Input
--- START ---
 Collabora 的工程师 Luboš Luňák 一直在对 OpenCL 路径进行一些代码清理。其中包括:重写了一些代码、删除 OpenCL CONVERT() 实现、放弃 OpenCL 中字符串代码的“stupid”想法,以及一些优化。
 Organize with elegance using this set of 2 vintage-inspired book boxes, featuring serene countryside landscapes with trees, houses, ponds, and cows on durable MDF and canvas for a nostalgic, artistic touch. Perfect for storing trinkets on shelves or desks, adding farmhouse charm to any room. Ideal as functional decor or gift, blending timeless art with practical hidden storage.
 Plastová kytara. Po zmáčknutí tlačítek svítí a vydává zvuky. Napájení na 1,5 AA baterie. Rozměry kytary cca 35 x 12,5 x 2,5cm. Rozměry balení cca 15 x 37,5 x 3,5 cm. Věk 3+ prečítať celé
--- END ---
--- START ---
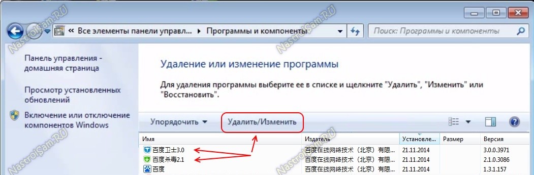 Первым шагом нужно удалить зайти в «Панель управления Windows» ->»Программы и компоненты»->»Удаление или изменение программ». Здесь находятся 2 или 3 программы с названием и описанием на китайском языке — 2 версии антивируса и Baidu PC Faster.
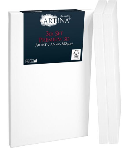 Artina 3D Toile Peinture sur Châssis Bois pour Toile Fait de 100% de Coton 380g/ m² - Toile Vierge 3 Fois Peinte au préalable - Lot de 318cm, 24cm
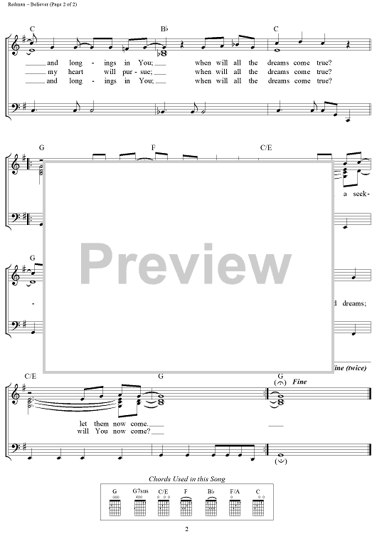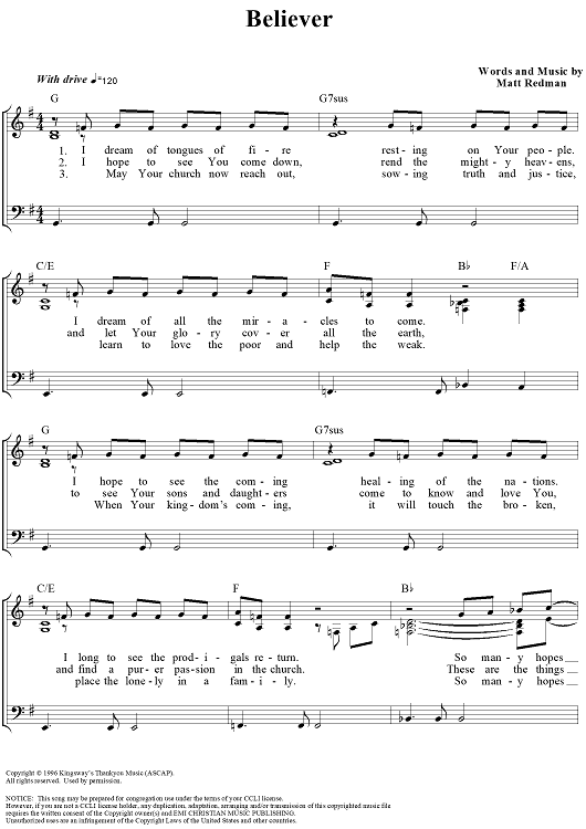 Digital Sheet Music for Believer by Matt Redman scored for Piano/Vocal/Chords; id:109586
--- END ---
Exercise directions
Your answer should be the exact lines above from the one with "Collabora 的工程师 Luboš" through the one with "Plastová kytara. Po", both included, and nothing besides.

Response
 Collabora 的工程师 Luboš Luňák 一直在对 OpenCL 路径进行一些代码清理。其中包括:重写了一些代码、删除 OpenCL CONVERT() 实现、放弃 OpenCL 中字符串代码的“stupid”想法,以及一些优化。
 Organize with elegance using this set of 2 vintage-inspired book boxes, featuring serene countryside landscapes with trees, houses, ponds, and cows on durable MDF and canvas for a nostalgic, artistic touch. Perfect for storing trinkets on shelves or desks, adding farmhouse charm to any room. Ideal as functional decor or gift, blending timeless art with practical hidden storage.
 Plastová kytara. Po zmáčknutí tlačítek svítí a vydává zvuky. Napájení na 1,5 AA baterie. Rozměry kytary cca 35 x 12,5 x 2,5cm. Rozměry balení cca 15 x 37,5 x 3,5 cm. Věk 3+ prečítať celé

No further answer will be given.